EXERCISE ▸ Your task is to copy the stretch of lines in the records below that begins with the line containing "Trajes de Verano" and ends with the line containing "ファンタジー風あだ名 | 『エターナルコチミー』『コチディッシュ』 |", exactly as written, with nothing added.

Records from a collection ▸
- - - -
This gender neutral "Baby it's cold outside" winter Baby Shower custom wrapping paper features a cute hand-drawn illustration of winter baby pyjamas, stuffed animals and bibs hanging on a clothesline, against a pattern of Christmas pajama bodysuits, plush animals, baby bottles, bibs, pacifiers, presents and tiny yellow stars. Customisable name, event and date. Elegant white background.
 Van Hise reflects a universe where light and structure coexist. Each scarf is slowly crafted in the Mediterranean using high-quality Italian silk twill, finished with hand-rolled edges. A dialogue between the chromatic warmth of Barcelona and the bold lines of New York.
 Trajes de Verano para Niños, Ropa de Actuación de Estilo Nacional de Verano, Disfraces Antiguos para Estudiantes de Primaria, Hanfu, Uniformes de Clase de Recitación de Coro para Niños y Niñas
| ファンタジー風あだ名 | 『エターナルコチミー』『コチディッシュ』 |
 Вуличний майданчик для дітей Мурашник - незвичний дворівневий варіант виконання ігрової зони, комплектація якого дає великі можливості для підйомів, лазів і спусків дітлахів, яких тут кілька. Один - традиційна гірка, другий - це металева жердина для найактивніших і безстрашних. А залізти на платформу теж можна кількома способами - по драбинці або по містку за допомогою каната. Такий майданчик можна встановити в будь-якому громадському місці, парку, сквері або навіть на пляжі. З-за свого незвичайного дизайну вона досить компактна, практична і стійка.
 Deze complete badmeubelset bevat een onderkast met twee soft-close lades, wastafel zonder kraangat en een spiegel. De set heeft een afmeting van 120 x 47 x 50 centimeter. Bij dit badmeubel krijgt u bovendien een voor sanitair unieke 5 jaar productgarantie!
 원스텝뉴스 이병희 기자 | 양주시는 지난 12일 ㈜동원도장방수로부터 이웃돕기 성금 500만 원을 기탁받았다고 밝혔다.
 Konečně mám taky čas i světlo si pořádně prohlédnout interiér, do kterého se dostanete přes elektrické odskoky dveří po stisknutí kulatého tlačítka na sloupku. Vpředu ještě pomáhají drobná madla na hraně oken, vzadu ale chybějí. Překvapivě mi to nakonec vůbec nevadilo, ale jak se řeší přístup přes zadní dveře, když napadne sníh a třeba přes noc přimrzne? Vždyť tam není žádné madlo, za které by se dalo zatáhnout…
- - - -
REPLY ▸
 Trajes de Verano para Niños, Ropa de Actuación de Estilo Nacional de Verano, Disfraces Antiguos para Estudiantes de Primaria, Hanfu, Uniformes de Clase de Recitación de Coro para Niños y Niñas
| ファンタジー風あだ名 | 『エターナルコチミー』『コチディッシュ』 |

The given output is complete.